*THE TASK*: Word for word, retype every entry in the listing.

*** SOURCE INFORMATION ***

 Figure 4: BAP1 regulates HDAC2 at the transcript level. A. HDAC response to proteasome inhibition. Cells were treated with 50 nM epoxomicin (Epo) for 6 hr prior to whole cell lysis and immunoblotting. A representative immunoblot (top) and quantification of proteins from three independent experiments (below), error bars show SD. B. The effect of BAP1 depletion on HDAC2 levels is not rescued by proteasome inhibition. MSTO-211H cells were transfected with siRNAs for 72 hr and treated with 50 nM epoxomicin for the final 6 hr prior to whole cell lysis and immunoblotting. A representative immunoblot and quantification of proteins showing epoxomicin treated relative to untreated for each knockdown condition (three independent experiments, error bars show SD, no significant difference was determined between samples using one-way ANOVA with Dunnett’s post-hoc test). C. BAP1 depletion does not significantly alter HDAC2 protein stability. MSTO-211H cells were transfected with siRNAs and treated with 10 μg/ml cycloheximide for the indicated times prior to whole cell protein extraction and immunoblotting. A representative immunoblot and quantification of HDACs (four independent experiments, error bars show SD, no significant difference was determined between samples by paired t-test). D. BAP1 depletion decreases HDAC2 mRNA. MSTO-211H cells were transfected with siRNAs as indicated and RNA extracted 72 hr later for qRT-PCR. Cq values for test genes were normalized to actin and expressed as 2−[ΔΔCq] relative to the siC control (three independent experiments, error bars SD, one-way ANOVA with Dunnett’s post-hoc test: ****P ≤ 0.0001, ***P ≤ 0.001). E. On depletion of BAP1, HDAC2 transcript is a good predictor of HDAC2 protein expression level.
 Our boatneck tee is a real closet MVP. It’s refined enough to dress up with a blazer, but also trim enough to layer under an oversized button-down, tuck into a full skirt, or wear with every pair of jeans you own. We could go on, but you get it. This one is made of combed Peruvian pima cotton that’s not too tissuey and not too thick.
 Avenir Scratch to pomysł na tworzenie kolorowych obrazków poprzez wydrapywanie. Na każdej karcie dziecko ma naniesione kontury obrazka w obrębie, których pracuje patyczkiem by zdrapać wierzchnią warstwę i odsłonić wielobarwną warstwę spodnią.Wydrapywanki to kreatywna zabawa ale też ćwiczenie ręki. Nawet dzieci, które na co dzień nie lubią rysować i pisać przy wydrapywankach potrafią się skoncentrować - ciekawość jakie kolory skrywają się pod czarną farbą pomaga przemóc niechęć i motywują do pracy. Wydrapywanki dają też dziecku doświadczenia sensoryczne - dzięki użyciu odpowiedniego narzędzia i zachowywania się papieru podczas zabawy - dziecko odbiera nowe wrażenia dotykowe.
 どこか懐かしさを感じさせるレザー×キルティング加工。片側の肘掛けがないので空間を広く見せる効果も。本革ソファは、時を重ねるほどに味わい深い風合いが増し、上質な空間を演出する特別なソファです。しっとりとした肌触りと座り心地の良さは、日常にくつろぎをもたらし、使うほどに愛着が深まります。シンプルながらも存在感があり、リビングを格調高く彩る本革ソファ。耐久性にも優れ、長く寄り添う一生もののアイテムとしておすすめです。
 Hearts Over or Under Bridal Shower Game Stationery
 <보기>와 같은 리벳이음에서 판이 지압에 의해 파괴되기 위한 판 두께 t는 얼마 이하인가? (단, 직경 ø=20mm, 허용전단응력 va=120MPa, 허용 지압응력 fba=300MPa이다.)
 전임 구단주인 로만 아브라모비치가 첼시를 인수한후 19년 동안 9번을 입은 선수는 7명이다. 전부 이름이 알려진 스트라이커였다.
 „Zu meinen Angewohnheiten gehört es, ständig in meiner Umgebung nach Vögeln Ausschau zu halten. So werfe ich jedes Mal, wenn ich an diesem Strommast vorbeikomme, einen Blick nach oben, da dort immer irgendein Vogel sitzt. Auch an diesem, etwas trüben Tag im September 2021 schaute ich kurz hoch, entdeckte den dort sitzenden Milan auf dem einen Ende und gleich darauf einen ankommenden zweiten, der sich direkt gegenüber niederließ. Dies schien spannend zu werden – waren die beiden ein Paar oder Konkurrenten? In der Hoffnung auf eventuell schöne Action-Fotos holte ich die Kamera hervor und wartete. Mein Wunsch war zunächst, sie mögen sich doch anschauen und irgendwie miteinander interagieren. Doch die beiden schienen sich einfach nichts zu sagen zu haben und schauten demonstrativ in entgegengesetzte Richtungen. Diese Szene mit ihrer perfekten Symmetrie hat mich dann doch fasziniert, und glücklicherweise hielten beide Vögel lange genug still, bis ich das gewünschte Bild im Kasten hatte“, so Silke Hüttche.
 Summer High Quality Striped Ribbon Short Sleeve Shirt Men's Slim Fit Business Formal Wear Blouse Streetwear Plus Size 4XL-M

*** End of SOURCE INFORMATION ***

*SOLUTION TO THE EXERCISE*:
 Figure 4: BAP1 regulates HDAC2 at the transcript level. A. HDAC response to proteasome inhibition. Cells were treated with 50 nM epoxomicin (Epo) for 6 hr prior to whole cell lysis and immunoblotting. A representative immunoblot (top) and quantification of proteins from three independent experiments (below), error bars show SD. B. The effect of BAP1 depletion on HDAC2 levels is not rescued by proteasome inhibition. MSTO-211H cells were transfected with siRNAs for 72 hr and treated with 50 nM epoxomicin for the final 6 hr prior to whole cell lysis and immunoblotting. A representative immunoblot and quantification of proteins showing epoxomicin treated relative to untreated for each knockdown condition (three independent experiments, error bars show SD, no significant difference was determined between samples using one-way ANOVA with Dunnett’s post-hoc test). C. BAP1 depletion does not significantly alter HDAC2 protein stability. MSTO-211H cells were transfected with siRNAs and treated with 10 μg/ml cycloheximide for the indicated times prior to whole cell protein extraction and immunoblotting. A representative immunoblot and quantification of HDACs (four independent experiments, error bars show SD, no significant difference was determined between samples by paired t-test). D. BAP1 depletion decreases HDAC2 mRNA. MSTO-211H cells were transfected with siRNAs as indicated and RNA extracted 72 hr later for qRT-PCR. Cq values for test genes were normalized to actin and expressed as 2−[ΔΔCq] relative to the siC control (three independent experiments, error bars SD, one-way ANOVA with Dunnett’s post-hoc test: ****P ≤ 0.0001, ***P ≤ 0.001). E. On depletion of BAP1, HDAC2 transcript is a good predictor of HDAC2 protein expression level.
 Our boatneck tee is a real closet MVP. It’s refined enough to dress up with a blazer, but also trim enough to layer under an oversized button-down, tuck into a full skirt, or wear with every pair of jeans you own. We could go on, but you get it. This one is made of combed Peruvian pima cotton that’s not too tissuey and not too thick.
 Avenir Scratch to pomysł na tworzenie kolorowych obrazków poprzez wydrapywanie. Na każdej karcie dziecko ma naniesione kontury obrazka w obrębie, których pracuje patyczkiem by zdrapać wierzchnią warstwę i odsłonić wielobarwną warstwę spodnią.Wydrapywanki to kreatywna zabawa ale też ćwiczenie ręki. Nawet dzieci, które na co dzień nie lubią rysować i pisać przy wydrapywankach potrafią się skoncentrować - ciekawość jakie kolory skrywają się pod czarną farbą pomaga przemóc niechęć i motywują do pracy. Wydrapywanki dają też dziecku doświadczenia sensoryczne - dzięki użyciu odpowiedniego narzędzia i zachowywania się papieru podczas zabawy - dziecko odbiera nowe wrażenia dotykowe.
 どこか懐かしさを感じさせるレザー×キルティング加工。片側の肘掛けがないので空間を広く見せる効果も。本革ソファは、時を重ねるほどに味わい深い風合いが増し、上質な空間を演出する特別なソファです。しっとりとした肌触りと座り心地の良さは、日常にくつろぎをもたらし、使うほどに愛着が深まります。シンプルながらも存在感があり、リビングを格調高く彩る本革ソファ。耐久性にも優れ、長く寄り添う一生もののアイテムとしておすすめです。
 Hearts Over or Under Bridal Shower Game Stationery
 <보기>와 같은 리벳이음에서 판이 지압에 의해 파괴되기 위한 판 두께 t는 얼마 이하인가? (단, 직경 ø=20mm, 허용전단응력 va=120MPa, 허용 지압응력 fba=300MPa이다.)
 전임 구단주인 로만 아브라모비치가 첼시를 인수한후 19년 동안 9번을 입은 선수는 7명이다. 전부 이름이 알려진 스트라이커였다.
 „Zu meinen Angewohnheiten gehört es, ständig in meiner Umgebung nach Vögeln Ausschau zu halten. So werfe ich jedes Mal, wenn ich an diesem Strommast vorbeikomme, einen Blick nach oben, da dort immer irgendein Vogel sitzt. Auch an diesem, etwas trüben Tag im September 2021 schaute ich kurz hoch, entdeckte den dort sitzenden Milan auf dem einen Ende und gleich darauf einen ankommenden zweiten, der sich direkt gegenüber niederließ. Dies schien spannend zu werden – waren die beiden ein Paar oder Konkurrenten? In der Hoffnung auf eventuell schöne Action-Fotos holte ich die Kamera hervor und wartete. Mein Wunsch war zunächst, sie mögen sich doch anschauen und irgendwie miteinander interagieren. Doch die beiden schienen sich einfach nichts zu sagen zu haben und schauten demonstrativ in entgegengesetzte Richtungen. Diese Szene mit ihrer perfekten Symmetrie hat mich dann doch fasziniert, und glücklicherweise hielten beide Vögel lange genug still, bis ich das gewünschte Bild im Kasten hatte“, so Silke Hüttche.
 Summer High Quality Striped Ribbon Short Sleeve Shirt Men's Slim Fit Business Formal Wear Blouse Streetwear Plus Size 4XL-M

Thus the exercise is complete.